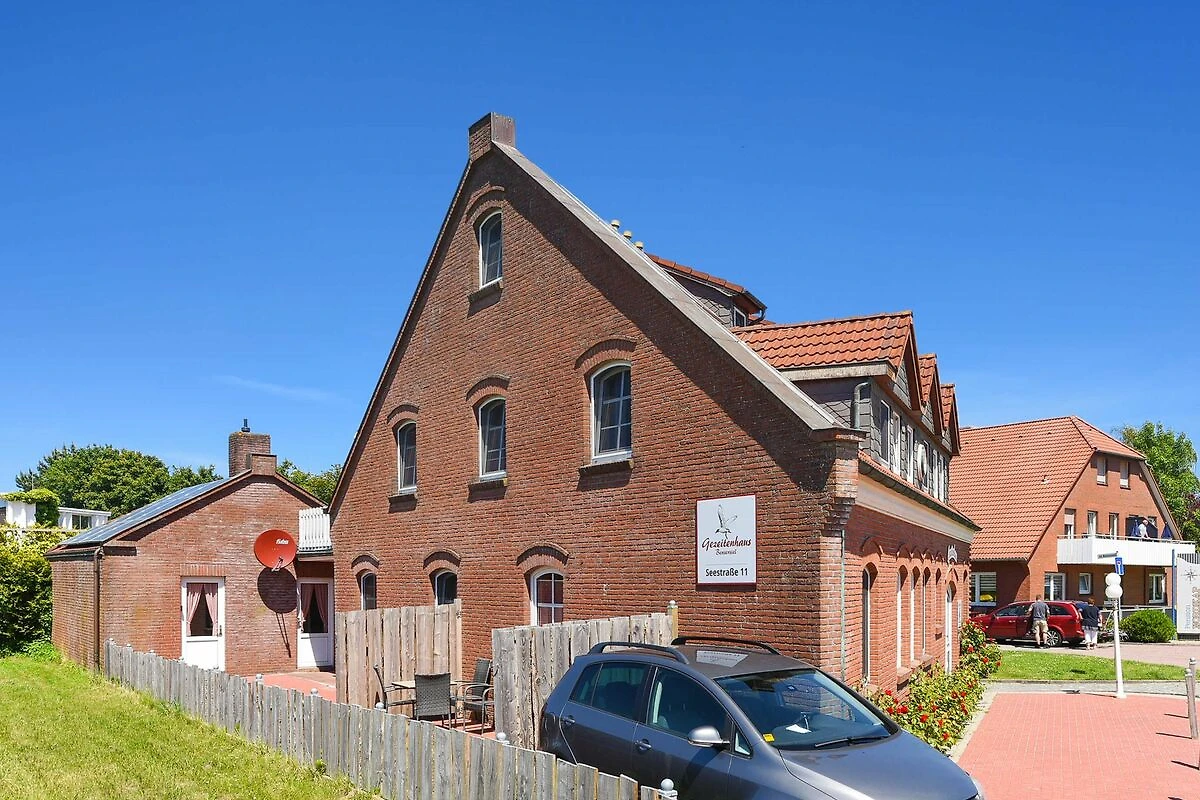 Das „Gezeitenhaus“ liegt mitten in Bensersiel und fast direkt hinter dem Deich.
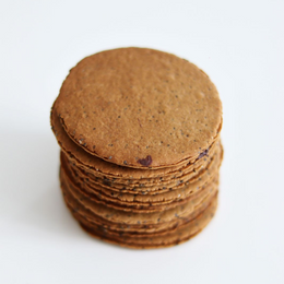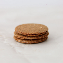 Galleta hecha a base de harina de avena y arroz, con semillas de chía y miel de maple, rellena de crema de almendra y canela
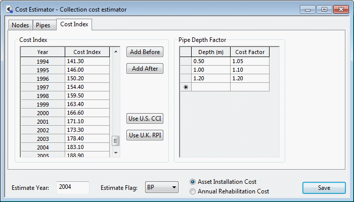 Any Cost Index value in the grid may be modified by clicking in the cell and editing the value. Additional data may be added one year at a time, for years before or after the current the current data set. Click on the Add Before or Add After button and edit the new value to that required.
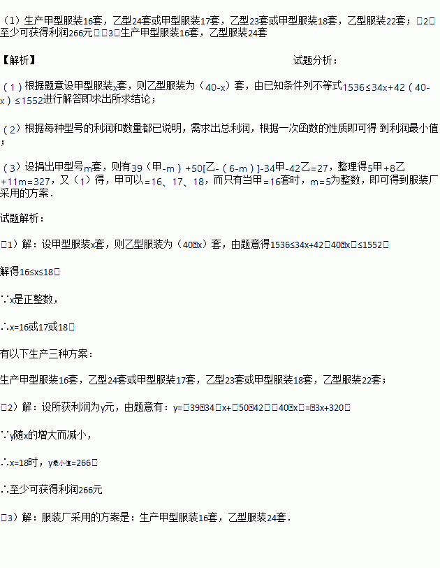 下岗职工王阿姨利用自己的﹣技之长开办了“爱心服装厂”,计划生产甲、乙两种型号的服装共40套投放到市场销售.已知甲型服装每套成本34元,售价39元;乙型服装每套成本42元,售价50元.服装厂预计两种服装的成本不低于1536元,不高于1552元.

▸ **Work to complete**
Would you transcribe all of the data exactly, omitting any pictures?

▸ **Task response**
 Das „Gezeitenhaus“ liegt mitten in Bensersiel und fast direkt hinter dem Deich.
 Galleta hecha a base de harina de avena y arroz, con semillas de chía y miel de maple, rellena de crema de almendra y canela
 Any Cost Index value in the grid may be modified by clicking in the cell and editing the value. Additional data may be added one year at a time, for years before or after the current the current data set. Click on the Add Before or Add After button and edit the new value to that required.
 下岗职工王阿姨利用自己的﹣技之长开办了“爱心服装厂”,计划生产甲、乙两种型号的服装共40套投放到市场销售.已知甲型服装每套成本34元,售价39元;乙型服装每套成本42元,售价50元.服装厂预计两种服装的成本不低于1536元,不高于1552元.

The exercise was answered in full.